Retype the listing below line for line, but only from the line with "鉄筋籠建込状況です。杭径はなんと1800φさすがに迫力ありますね。" down to the line with "Die Fotos für", inclusive. Pictures stay out.

-- Data shown follows --

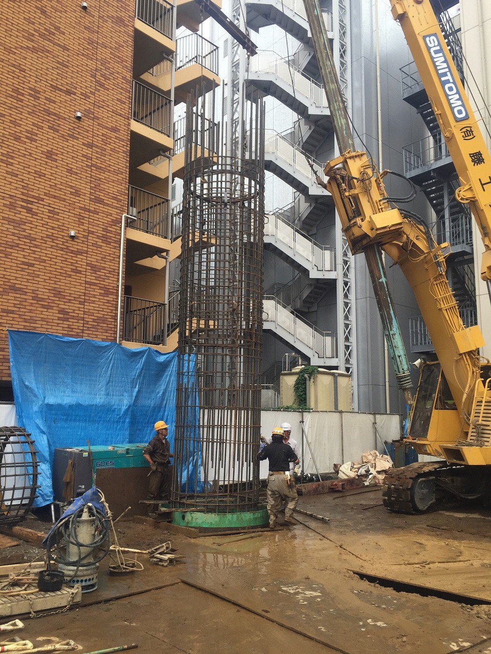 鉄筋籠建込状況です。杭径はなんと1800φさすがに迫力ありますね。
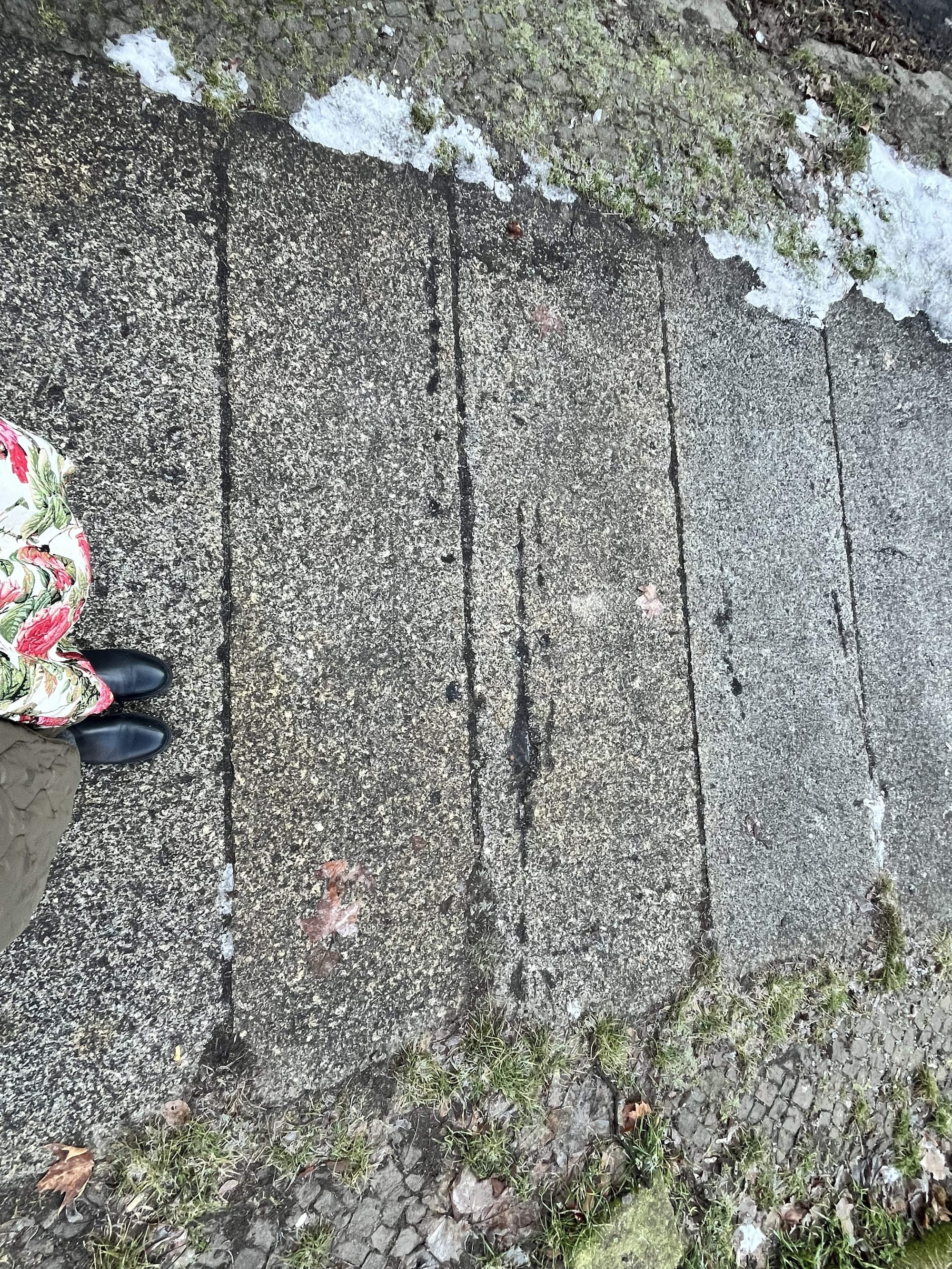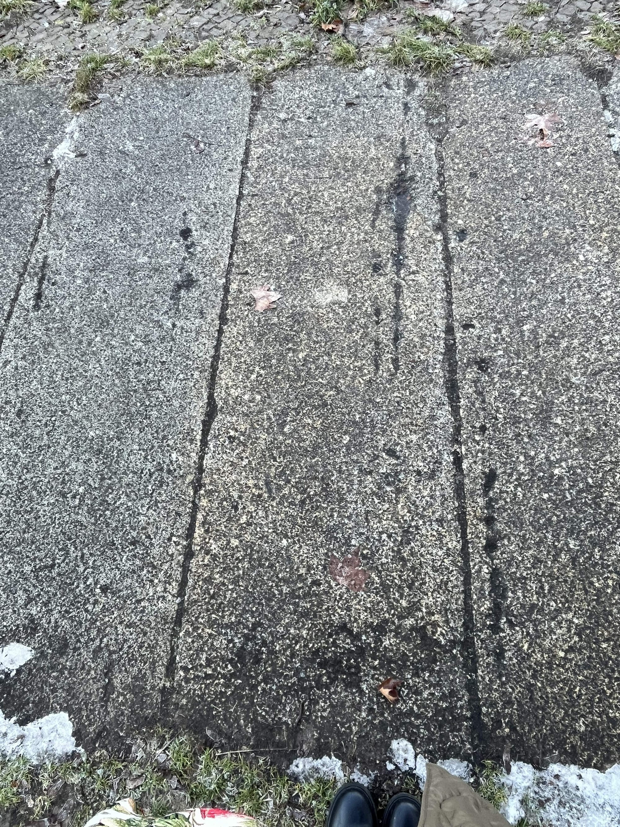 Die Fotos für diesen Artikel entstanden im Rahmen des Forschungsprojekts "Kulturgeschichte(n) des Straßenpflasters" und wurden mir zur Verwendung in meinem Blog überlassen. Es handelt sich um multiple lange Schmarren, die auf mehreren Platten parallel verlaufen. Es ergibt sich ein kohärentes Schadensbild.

-- Data shown concluded --
-- Data shown follows --

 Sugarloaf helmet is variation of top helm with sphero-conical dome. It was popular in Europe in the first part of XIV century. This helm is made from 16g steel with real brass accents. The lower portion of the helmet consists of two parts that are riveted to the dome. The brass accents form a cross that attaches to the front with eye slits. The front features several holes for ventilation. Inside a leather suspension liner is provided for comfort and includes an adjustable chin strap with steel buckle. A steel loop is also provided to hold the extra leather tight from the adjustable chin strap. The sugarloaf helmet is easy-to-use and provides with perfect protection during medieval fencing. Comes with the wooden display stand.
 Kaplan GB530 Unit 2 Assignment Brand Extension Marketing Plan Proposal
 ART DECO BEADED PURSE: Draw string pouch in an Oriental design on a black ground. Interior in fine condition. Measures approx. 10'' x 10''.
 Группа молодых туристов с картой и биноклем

-- Data shown concluded --
-- Data shown follows --

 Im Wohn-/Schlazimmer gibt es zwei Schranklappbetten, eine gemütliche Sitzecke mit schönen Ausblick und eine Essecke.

-- Data shown concluded --

Solved exercise:
 鉄筋籠建込状況です。杭径はなんと1800φさすがに迫力ありますね。
 Die Fotos für diesen Artikel entstanden im Rahmen des Forschungsprojekts "Kulturgeschichte(n) des Straßenpflasters" und wurden mir zur Verwendung in meinem Blog überlassen. Es handelt sich um multiple lange Schmarren, die auf mehreren Platten parallel verlaufen. Es ergibt sich ein kohärentes Schadensbild.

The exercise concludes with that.